La plupart des animaux marins invertébrés des fonds marins, tels que les éponges, les coraux, les vers et les huîtres, produisent de minuscules larves qui nagent dans l’océan avant de se fixer au fond marin et de se transformer en juvéniles. Une nouvelle étude publiée dans le Actes de l’Académie nationale des sciences (PNAS) et dirigé par l’Université d’Hawai’i (UH) à Mānoa, des chercheurs ont révélé qu’une grande molécule complexe, appelée lipopolysaccharide, produite par des bactéries est responsable de l’induction des larves de vers tubicoles marins, Hydroides elegans, à s’installer sur le fond marin et à commencer les processus complexes de la métamorphose.
« Il s’agit d’une étape majeure dans la compréhension des facteurs qui déterminent où les larves d’invertébrés vivant au fond s’installent et se métamorphosent », a déclaré Michael Hadfield, auteur principal de l’article et professeur émérite à l’UH Mānoa School of Ocean and Earth Science and Technology. « C’est la clé pour comprendre comment les communautés benthiques s’établissent et se maintiennent sur toutes les surfaces sous l’eau salée, c’est-à-dire sur 71% de la surface de la Terre. »
La plupart des larves d’invertébrés sont capables de rester au stade larvaire pendant de longues périodes jusqu’à ce qu’elles trouvent un bon endroit.
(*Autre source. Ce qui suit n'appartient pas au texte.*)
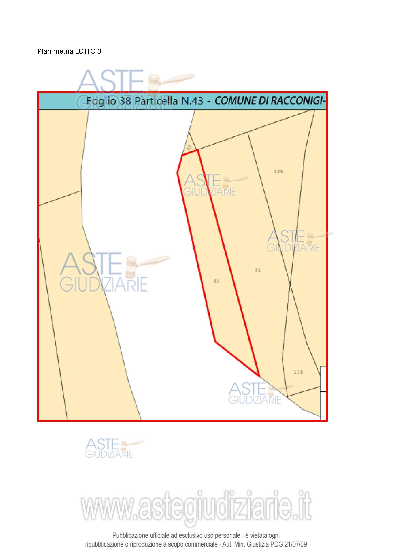 Vendita all'asta Senza incanto, con gara telematica sincrona - LOTTO 3: Terreno agricolo nel Comune di Racconigi (CN), foglio 38, particella 43, Incolt.Prod., Sup. 1.509 mq posto lungo il torrente Maira nel Comune di Racconigi.Terreno nel Comune di Racconigi (CN), foglio 38, particella 149, Incolt.Prod., Sup. 18.465 mqTerreno nel Comune di Racconigi (CN), foglio 38, particella 202, Bosco Ceduo, Sup. 1.922 mqTerreno nel Comune di Racconigi (CN), foglio 36, particella 263, Area Rurale, Sup. 250 mq posto nel comune di Racconigi e di natura edificabile/agricolo. Prezzo base € 31.320,00 (offerta minima € 23.490,00). Data vendita 02/12/2025 ore 11:00. Curatore Dott. Anna Isoardi - Email "anna@studioisoardi.net"; Tel. 017166324. Rif. Tribunale di Cuneo - Liquidazione giudiziale(cci) n. 6/2023

Dans l’étude, dirigée par Marnie Freckelton, chercheuse postdoctorale au Kewalo Marine Lab, une unité du Pacific Biosciences Research Center (PBRC) du SOEST, l’équipe de recherche a posé la question suivante : comment les « bons endroits » indiquent-ils aux larves de s’installer et se métamorphoser?
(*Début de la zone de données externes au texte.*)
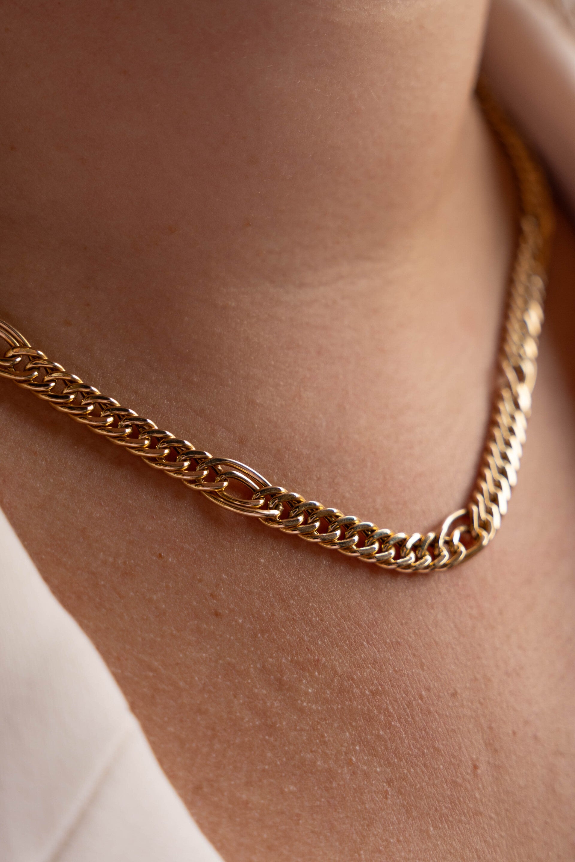Deze elegante 14 karaat gouden ketting is een subtiel, maar stijlvol sieraad dat perfect te dragen is bij elke gelegenheid. De klassieke gourmet schakel krijgt een moderne twist door de afwisselend grotere en kleinere schakels, wat de ketting een speels en verfijnd karakter geeft.

La métamorphose est un changement profond dans la forme de l’animal – d’une petite larve nageuse à un animal avec une anatomie très différente ancré au fond marin. Bien que les chercheurs sachent que les biofilms, de fines couches composées de bactéries, de diatomées et de petites algues qui recouvrent les surfaces submergées, induisent la métamorphose d’un large éventail de larves d’invertébrés marins, le mécanisme d’induction reste mal compris.
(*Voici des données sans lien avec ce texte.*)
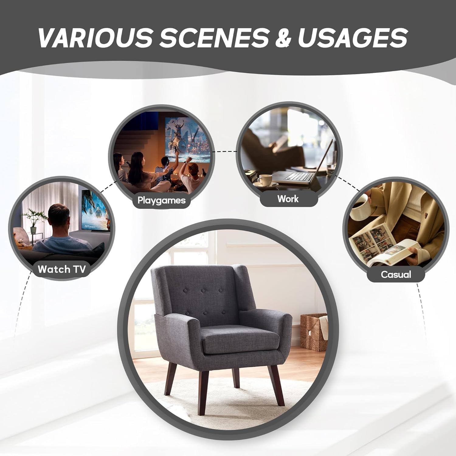 - Modern Style Design: The living room chair is designed with a simple and classic appearance to match any interior decoration style of your home. The tufted buttons of the living room chair back cushion are natural and the fabric is soft to the touch. Also available in six colors, adding a classic flair to your room is the versatile decorative chair you use
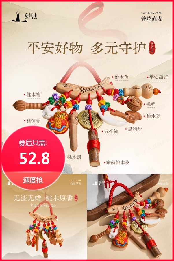 【叠加饰品天降券,88会员再9折,到手约41】【普陀山】保真桃木,平安守护!宝宝孕妇压惊挂件。无漆无蜡,桃木原香,宝宝孕妇放心用!礼盒装,自用送礼都有面子
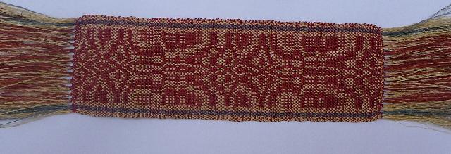 Un marque page en soie... Double tissu, le recto verso est en positif/négatif. Rouge d'un côté, "or" de l'autre |

Lors d’expériences en laboratoire avec des larves de vers tubicoles, l’équipe a découvert qu’elles ne s’installeraient pas sur des surfaces propres. Ils avaient besoin d’un signal provenant d’un biofilm de surface.
« L’équipe a isolé une seule espèce bactérienne, Cellulophaga lytica, qui pourrait, une fois formée en biofilm de surface, induire les larves de vers à s’installer, puis nous avons demandé : qu’en est-il de cette bactérie particulière qui provoque l’installation et la métamorphose des larves ? » dit Freckelton.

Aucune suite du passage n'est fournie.